- Activity -
Leaving out the pictures, return word for word the stretch of entries below from the line holding "We continued on" through the line holding "Sehr erfreulich, dass".

- Source material -

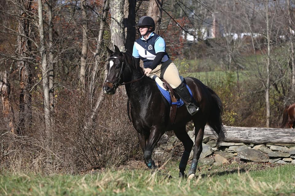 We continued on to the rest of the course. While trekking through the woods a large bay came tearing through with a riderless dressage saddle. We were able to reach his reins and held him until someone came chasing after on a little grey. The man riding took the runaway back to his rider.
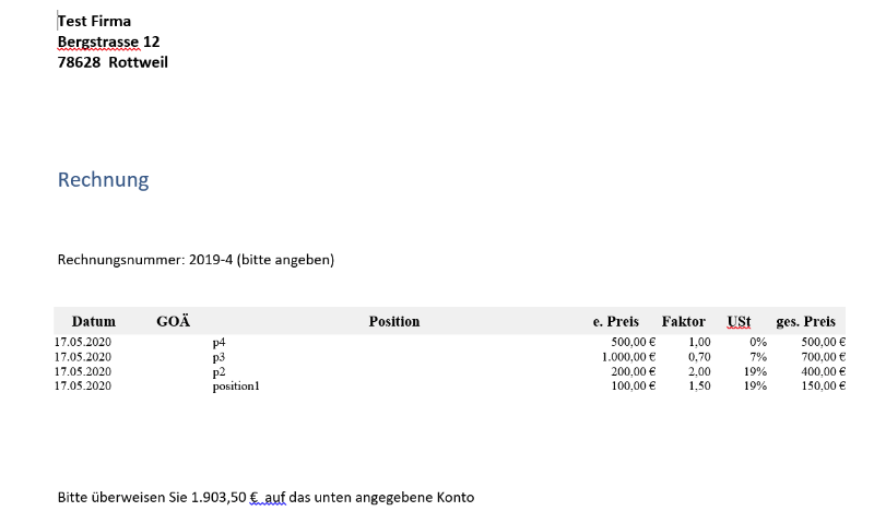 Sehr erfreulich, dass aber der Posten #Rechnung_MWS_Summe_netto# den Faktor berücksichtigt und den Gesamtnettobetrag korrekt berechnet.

...

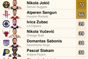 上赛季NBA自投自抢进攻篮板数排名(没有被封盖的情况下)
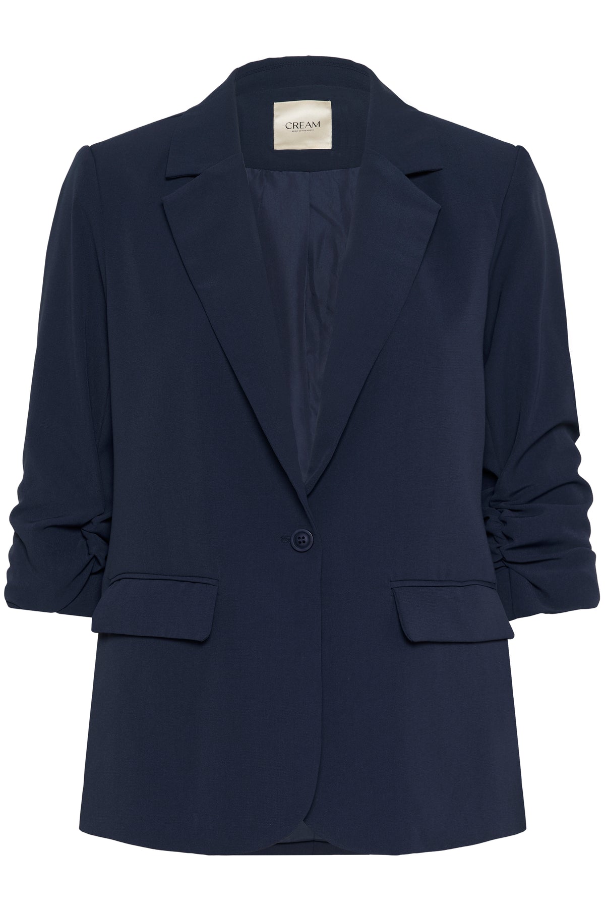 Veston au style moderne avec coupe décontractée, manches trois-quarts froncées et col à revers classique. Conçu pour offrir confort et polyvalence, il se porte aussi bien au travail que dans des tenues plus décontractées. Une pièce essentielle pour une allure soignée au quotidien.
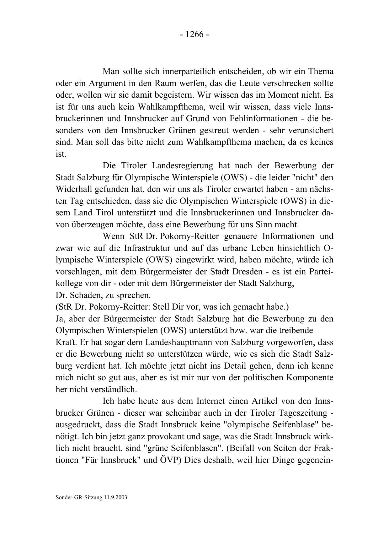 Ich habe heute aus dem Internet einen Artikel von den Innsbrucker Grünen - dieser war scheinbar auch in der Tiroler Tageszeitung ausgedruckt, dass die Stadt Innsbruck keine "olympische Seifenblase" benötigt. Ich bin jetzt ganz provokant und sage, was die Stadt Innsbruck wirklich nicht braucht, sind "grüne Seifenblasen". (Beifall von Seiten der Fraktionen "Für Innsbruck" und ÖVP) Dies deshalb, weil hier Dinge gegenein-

...

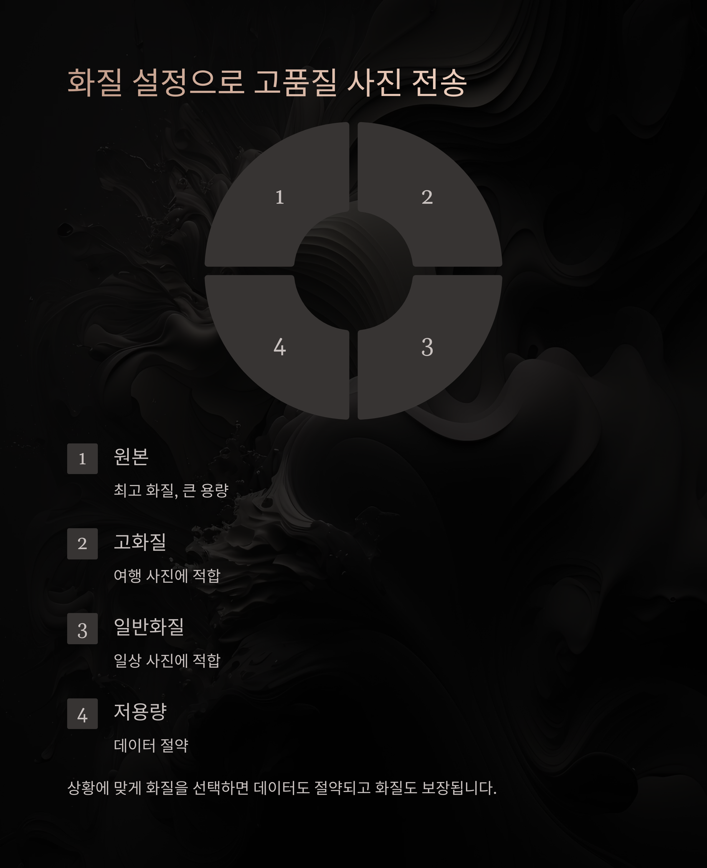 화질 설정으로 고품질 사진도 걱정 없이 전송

- Expected answer -
 We continued on to the rest of the course. While trekking through the woods a large bay came tearing through with a riderless dressage saddle. We were able to reach his reins and held him until someone came chasing after on a little grey. The man riding took the runaway back to his rider.
 Sehr erfreulich, dass aber der Posten #Rechnung_MWS_Summe_netto# den Faktor berücksichtigt und den Gesamtnettobetrag korrekt berechnet.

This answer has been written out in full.